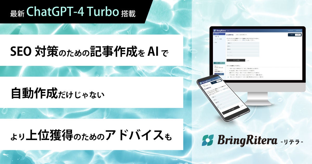リリース以来、大好評の「BringRitera(リテラ)」はこの度、ChatGPTの最新バージョンである「ChatGPT-4 Turbo」を搭載しました。
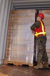 | Keywords: US Navy 100118-N-1522S-003 Marine Staff Sgt. Jonathon Thompson inspects cargo from the U.S. Agency for International Development (USAID) and the Marine Corps at Blount Island Command, Jacksonville, Fla.jpg en JACKSONVILLE Fla Jan 18 2010 Marine Staff Sgt Jonathon Thompson inspects cargo from the U S Agency for International Development USAID and the Marine Corps at Blount Island Command Jacksonville Fla before loading it aboard the Military Sealift Command maritime prepositioning ship USNS 1st Lt Jack Lummus T-AK-3011 USAID provided more than 120 pallets of relief supplies and 400 bottles of propane The Marine Corps cargo included vehicles and heavy equipment to support the distribution of supplies water production water distribution and fuel distribution The Marines also provided limited earth-moving equipment electrical-producing equipment limited lumber building materials and medical supplies The ship and supplies are bound for Haiti as part of Operation Unified Response providing humanitarian assistance and disaster relief in the aftermath of a 7 0 magnitude earthquake on Jan 12 2010 U S Navy photo by Mass Communication Specialist 1st Class Leah Stiles/Released 2010-01-18 100118-N-1522S-003 Navy http //www navy mil/view_image asp id 80230 U S Navy photo by Mass Communication Specialist 1st Class Leah Stiles PD-USGov-Military-Navy Images from US Navy location Jacksonville Florida USNS 1st Lt Jack Lummus T-AK-3011 |
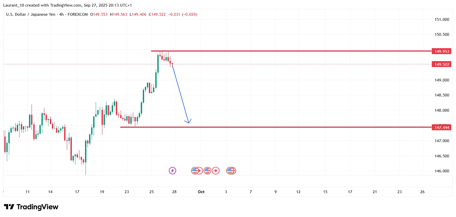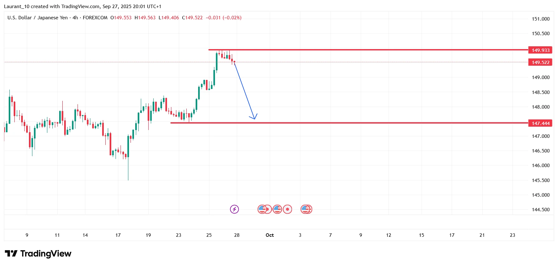 🎯 USD/JPY eladás Ueda héja-kommentjei esetén 149,40-nél
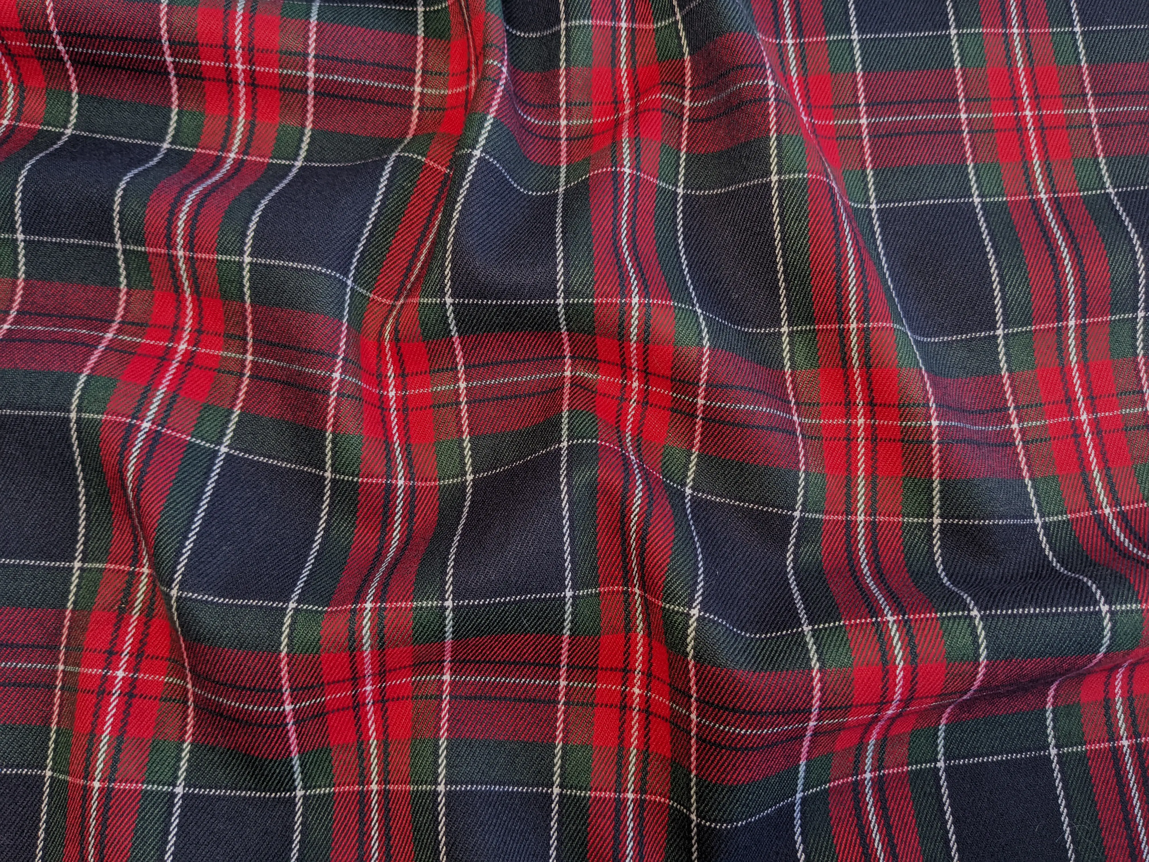 Клетка Шотландия - костюмная ткань средней плотности. На ощупь мягкая, имеет слегка шершавую фактуру и мелкий диагональный рубчик. В составе материала присутствуют натуральные и синтетические волокна. Костюмный тиар имеет легкую эластичность по ширине полотна, не сминается, хорошо драпируется.
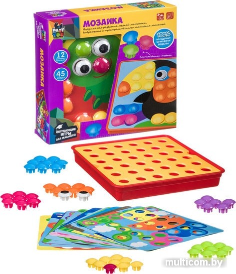 | Информация | Благодаря крупным деталям яркая разноцветная мозаика легко собирается и подойдет малышам от 3-х лет. Вставляя фишки-гвоздики в ячейки нужного цвета на игровом поле, ребенок соберет красочную объемную картинку. Под игровым полем находится пластиковая основа, в которой удобно хранить детали мозаики. Большое разнообразие картинок-шаблонов позволит надолго сохранить интерес ребенка к мозаике. Прекрасная игрушка для развития творческого, пространственного и логического мышлений, памяти, усидчивости и внимания. |
▬▬▬
I'd like the material above repeated exactly, with the pictures omitted.

リリース以来、大好評の「BringRitera(リテラ)」はこの度、ChatGPTの最新バージョンである「ChatGPT-4 Turbo」を搭載しました。
 | Keywords: US Navy 100118-N-1522S-003 Marine Staff Sgt. Jonathon Thompson inspects cargo from the U.S. Agency for International Development (USAID) and the Marine Corps at Blount Island Command, Jacksonville, Fla.jpg en JACKSONVILLE Fla Jan 18 2010 Marine Staff Sgt Jonathon Thompson inspects cargo from the U S Agency for International Development USAID and the Marine Corps at Blount Island Command Jacksonville Fla before loading it aboard the Military Sealift Command maritime prepositioning ship USNS 1st Lt Jack Lummus T-AK-3011 USAID provided more than 120 pallets of relief supplies and 400 bottles of propane The Marine Corps cargo included vehicles and heavy equipment to support the distribution of supplies water production water distribution and fuel distribution The Marines also provided limited earth-moving equipment electrical-producing equipment limited lumber building materials and medical supplies The ship and supplies are bound for Haiti as part of Operation Unified Response providing humanitarian assistance and disaster relief in the aftermath of a 7 0 magnitude earthquake on Jan 12 2010 U S Navy photo by Mass Communication Specialist 1st Class Leah Stiles/Released 2010-01-18 100118-N-1522S-003 Navy http //www navy mil/view_image asp id 80230 U S Navy photo by Mass Communication Specialist 1st Class Leah Stiles PD-USGov-Military-Navy Images from US Navy location Jacksonville Florida USNS 1st Lt Jack Lummus T-AK-3011 |
 🎯 USD/JPY eladás Ueda héja-kommentjei esetén 149,40-nél
 Клетка Шотландия - костюмная ткань средней плотности. На ощупь мягкая, имеет слегка шершавую фактуру и мелкий диагональный рубчик. В составе материала присутствуют натуральные и синтетические волокна. Костюмный тиар имеет легкую эластичность по ширине полотна, не сминается, хорошо драпируется.
 | Информация | Благодаря крупным деталям яркая разноцветная мозаика легко собирается и подойдет малышам от 3-х лет. Вставляя фишки-гвоздики в ячейки нужного цвета на игровом поле, ребенок соберет красочную объемную картинку. Под игровым полем находится пластиковая основа, в которой удобно хранить детали мозаики. Большое разнообразие картинок-шаблонов позволит надолго сохранить интерес ребенка к мозаике. Прекрасная игрушка для развития творческого, пространственного и логического мышлений, памяти, усидчивости и внимания. |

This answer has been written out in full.